What to work on —
Leave the images aside and copy out the whole listing, exact to the word.

Data excerpt —
= Beginning of Section =
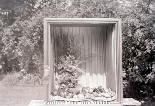 Guilford Fair display of gourds and dried flowers with Fair 1st place ribbon on the left. Probably Grace Dudley’s display 1952 Shelton W. Dudley Sr
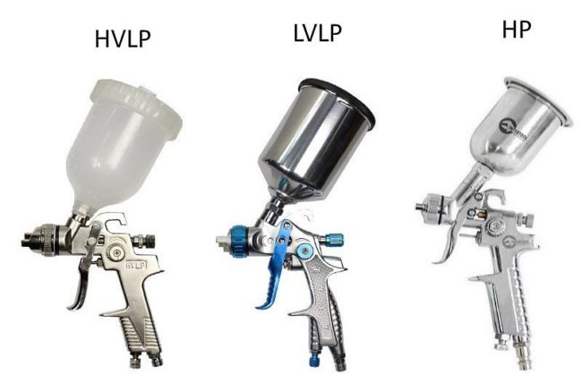 - LVLP (Faible Le volume – Lou La pression) (la pression est faible, le volume est faible). Équipement de la plus haute catégorie, transfert utile - jusqu'à 80%, débit d'air suffisant - 200 l / min. Les pistolets sont chers, mais diffèrent par une consommation minimale de peinture, une pulvérisation fine et uniforme et très peu de «brouillard».
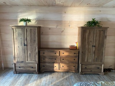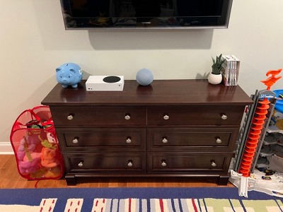 I purchased this dresser to sit between 2 armoires from the same collection. When I received it one drawer front was slightly damaged. I called customer service for assistance and they were great. They shipped a replacement that day and I received it a couple days later. I put this dresser together myself in about 2.5 hours (49 y/o female). The color is as shown on the website. The dresser is very sturdy and holds a decent amount of clothing. The drawers are easily adjustable, hang straight and glide in and out smoothly (a couple of the drawers were not fully closed when this pic was taken but they really do close nicely and evenly!) . It's a great piece for the price.
= End of Section =
Reply —
 Guilford Fair display of gourds and dried flowers with Fair 1st place ribbon on the left. Probably Grace Dudley’s display 1952 Shelton W. Dudley Sr
 - LVLP (Faible Le volume – Lou La pression) (la pression est faible, le volume est faible). Équipement de la plus haute catégorie, transfert utile - jusqu'à 80%, débit d'air suffisant - 200 l / min. Les pistolets sont chers, mais diffèrent par une consommation minimale de peinture, une pulvérisation fine et uniforme et très peu de «brouillard».
 I purchased this dresser to sit between 2 armoires from the same collection. When I received it one drawer front was slightly damaged. I called customer service for assistance and they were great. They shipped a replacement that day and I received it a couple days later. I put this dresser together myself in about 2.5 hours (49 y/o female). The color is as shown on the website. The dresser is very sturdy and holds a decent amount of clothing. The drawers are easily adjustable, hang straight and glide in and out smoothly (a couple of the drawers were not fully closed when this pic was taken but they really do close nicely and evenly!) . It's a great piece for the price.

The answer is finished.